Handling missing data is an essential skill when working with pandas in Python. One of the most useful functions for filling in those troublesome NaN
values is fillna()
. In this article, I’ll walk you through how pandas fillna()
works, providing the best examples and explanations to ensure you can use this function effectively in your own data processing.
Understanding Missing Data in Pandas
Before diving into fillna()
, it’s crucial to understand what missing values are in pandas. In most cases, pandas represents missing values using NaN
(Not a Number), which stems from NumPy. A missing value can appear for various reasons, such as:
- Incomplete datasets
- Errors during data extraction
- Intentional placeholders
Let’s start by creating a simple DataFrame with missing values:
import pandas as pd
# Creating a sample dataset with NaN values
data = {'A': [1, 2, None, 4], 'B': [None, 2, 3, 4], 'C': [10, None, 30, 40]}
df = pd.DataFrame(data)
print(df)
This will output:
A B C
0 1.0 NaN 10.0
1 2.0 2.0 NaN
2 NaN 3.0 30.0
3 4.0 4.0 40.0
Basic Usage of fillna()
The fillna()
function replaces all occurrences of missing values with a specified value. Here’s the simplest example:
df_filled = df.fillna(0)
print(df_filled)
The result replaces all NaN
values with 0
:
A B C
0 1.0 0.0 10.0
1 2.0 2.0 0.0
2 0.0 3.0 30.0
3 4.0 4.0 40.0
Filling Missing Values with Different Strategies
Filling with a Specific Value Per Column
Instead of filling all missing values with the same value, you can specify different values for each column using a dictionary:
df_filled = df.fillna({'A': 99, 'B': 50, 'C': 0})
print(df_filled)
Forward and Backward Filling
You can propagate values forward (ffill
) or backward (bfill
) to fill missing data:
method='ffill'
: Fills missing values with the last known value above it.method='bfill'
: Fills missing values with the next known value below it.
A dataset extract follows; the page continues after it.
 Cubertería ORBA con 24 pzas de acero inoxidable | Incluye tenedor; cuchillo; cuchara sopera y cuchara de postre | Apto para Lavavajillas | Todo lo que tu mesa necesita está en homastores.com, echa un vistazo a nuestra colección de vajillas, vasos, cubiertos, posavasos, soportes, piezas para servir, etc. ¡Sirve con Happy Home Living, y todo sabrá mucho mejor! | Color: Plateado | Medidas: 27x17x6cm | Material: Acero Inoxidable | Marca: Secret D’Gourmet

df_ffill = df.fillna(method='ffill')
df_bfill = df.fillna(method='bfill')
Filling with Column Mean, Median, or Mode
Another smart way to handle missing values is by filling them with statistical measures such as the mean, median, or mode:
df_filled_mean = df.fillna(df.mean())
df_filled_median = df.fillna(df.median())
# Filling with mode (most frequent value)
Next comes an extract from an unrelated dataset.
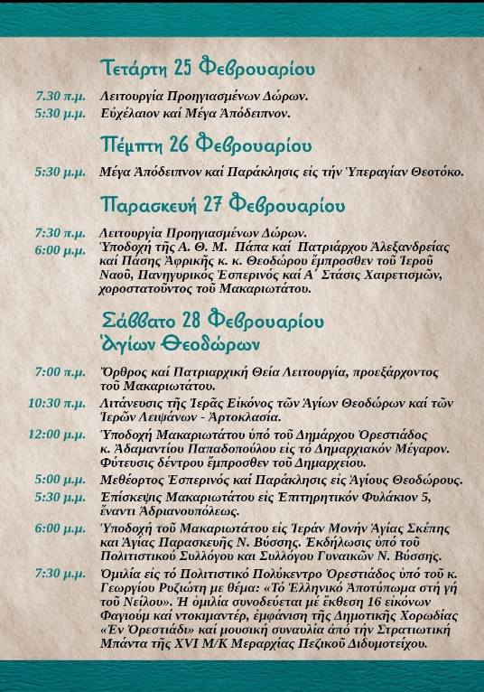 Η εορτή των Αγίων Θεοδώρων αποτελεί σημείο αναφοράς για την Ορεστιάδα, καθώς συνδέεται άρρηκτα με την ταυτότητα και την ιστορική διαδρομή της πόλης. Η τοπική κοινωνία προετοιμάζεται να υποδεχθεί τον υψηλό προσκεκλημένο και να τιμήσει με ευλάβεια τους προστάτες της πόλης.

df_filled_mode = df.fillna(df.mode().iloc[0])
Replacing Only a Specific Subset of Data
To replace missing values only within a specific row or column range, use slicing:
df.iloc[1:3, 0] = df.iloc[1:3, 0].fillna(55)
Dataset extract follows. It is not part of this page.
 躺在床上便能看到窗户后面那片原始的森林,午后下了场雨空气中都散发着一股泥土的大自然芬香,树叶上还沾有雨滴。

Performance Considerations
When working with large datasets, performance matters. Let’s examine how efficient fillna()
is:
Method | Time Complexity | Best Use Case |
---|---|---|
Constant value | O(n) | Quick and simple replacements |
Mean, median | O(n) | Numeric data with missing values |
ffill, bfill | O(n) | Time-series or sequential data |
Final Thoughts
Now you know exactly how pandas fillna()
works in Python and the best examples to use in real-world scenarios. Whether you want to use a constant value, statistical methods, or forward/backward filling, pandas gives you the flexibility to handle missing data effortlessly. The best approach depends on your dataset and the problem you’re solving, so choose wisely!